I get a constant stream of spam from barracudas. Like this, only several
times a minute:

2007Jan27 00:57:29 [399] connect from navgw2.affinitygroup.com at ('12.17.223.118', 41374) EXTERNAL
2007Jan27 00:57:29 [399] hello from den-barracuda.affinitygroup.com
2007Jan27 00:57:29 [399] mail from <> ('SIZE=2516',)
2007Jan27 00:57:29 [399] Received-SPF: none (mail.bmsi.com: 12.17.223.118 is neither permitted nor denied by domain of den-barracuda.affinitygroup.com) client_ip=12.17.223.118; helo=den-barracuda.affinitygroup.com; receiver=mail.bmsi.com; identity=helo
2007Jan27 00:57:29 [399] X-Guessed-SPF: neutral
2007Jan27 00:57:29 [399] rcpt to <rkmna@bmsaix.bmsi.com> ()
2007Jan27 00:57:29 [399] REJECT: bounce with no SRS encoding

The only good thing is that they have *finally* started using real
DSNs instead of replies, so at least I am rejecting them in SMTP
envelope now. I would actually be impressed if they checked SPF and
rejected SPF FAIL. (Although maybe that is a config option, and I
just never see mail from boxes that are configured that way.)

--
Stuart D. Gathman <stuart@bmsi.com>
Business Management Systems Inc. Phone: 703 591-0911 Fax: 703 591-6154
"Confutatis maledictis, flammis acribus addictis" - background song for
a Microsoft sponsored "Where do you want to go from here?" commercial.

-------
Sender Policy Framework: http://www.openspf.org/
Archives at http://archives.listbox.com/spf-discuss/current/
To unsubscribe, change your address, or temporarily deactivate your subscription,
please go to http://v2.listbox.com/member/?list_id=735

At 12:13 PM 1/27/2007 -0500, you wrote:

>On Sat, 27 Jan 2007, David MacQuigg wrote:
>
> > Most small companies now use a spam appliance, like the Barracuda box we
> > have at U of A. These seem to be very "user friendly" in providing a nice
> > web interface for whitelisting and blacklisting.
>
>I get a constant stream of spam from barracudas. Like this, only several
>times a minute:
>
>2007Jan27 00:57:29 [399] connect from navgw2.affinitygroup.com at
>('12.17.223.118', 41374) EXTERNAL
>2007Jan27 00:57:29 [399] hello from den-barracuda.affinitygroup.com
>2007Jan27 00:57:29 [399] mail from <> ('SIZE=2516',)
>2007Jan27 00:57:29 [399] Received-SPF: none (mail.bmsi.com: 12.17.223.118
>is neither permitted nor denied by domain of
>den-barracuda.affinitygroup.com) client_ip=12.17.223.118;
>helo=den-barracuda.affinitygroup.com; receiver=mail.bmsi.com; identity=helo
>2007Jan27 00:57:29 [399] X-Guessed-SPF: neutral
>2007Jan27 00:57:29 [399] rcpt to <rkmna@bmsaix.bmsi.com> ()
>2007Jan27 00:57:29 [399] REJECT: bounce with no SRS encoding
>
>The only good thing is that they have *finally* started using real
>DSNs instead of replies, so at least I am rejecting them in SMTP
>envelope now. I would actually be impressed if they checked SPF and
>rejected SPF FAIL. (Although maybe that is a config option, and I
>just never see mail from boxes that are configured that way.)

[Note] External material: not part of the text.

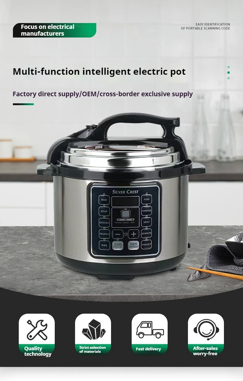 High Quality 5L/6L Stainless Steel Electric Pressure Cooker Multifunctional LED Display High Power Low Price for Household Use

OK, this is excellent input for my list of services with mail-handling
problems. I wasn't aware of this, probably because my domains are too
small for spammers to use as forged return addresses, and I'm only on the
recipient side of this firewall.

Barracuda Spam Firewall - sends "bounce spam" to forged return
addresses. This can get your IP blacklisted.

Have I summarized this correctly? I'll keep your post above in my file, in
case anyone asks for specifics on why Barracuda is listed as having problems.

Any more candidates - either spam appliances or email services that the
public might subscribe to?

-- Dave


-------
Sender Policy Framework: http://www.openspf.org/
Archives at http://archives.listbox.com/spf-discuss/current/
To unsubscribe, change your address, or temporarily deactivate your subscription,
please go to http://v2.listbox.com/member/?list_id=735

David MacQuigg wrote:

> Barracuda Spam Firewall - sends "bounce spam" to forged
> return addresses. This can get your IP blacklisted.

> Have I summarized this correctly?

Yes. But it's old (2004) news, at this time it was the
default behaviour of "barracudas", admins had to fix it.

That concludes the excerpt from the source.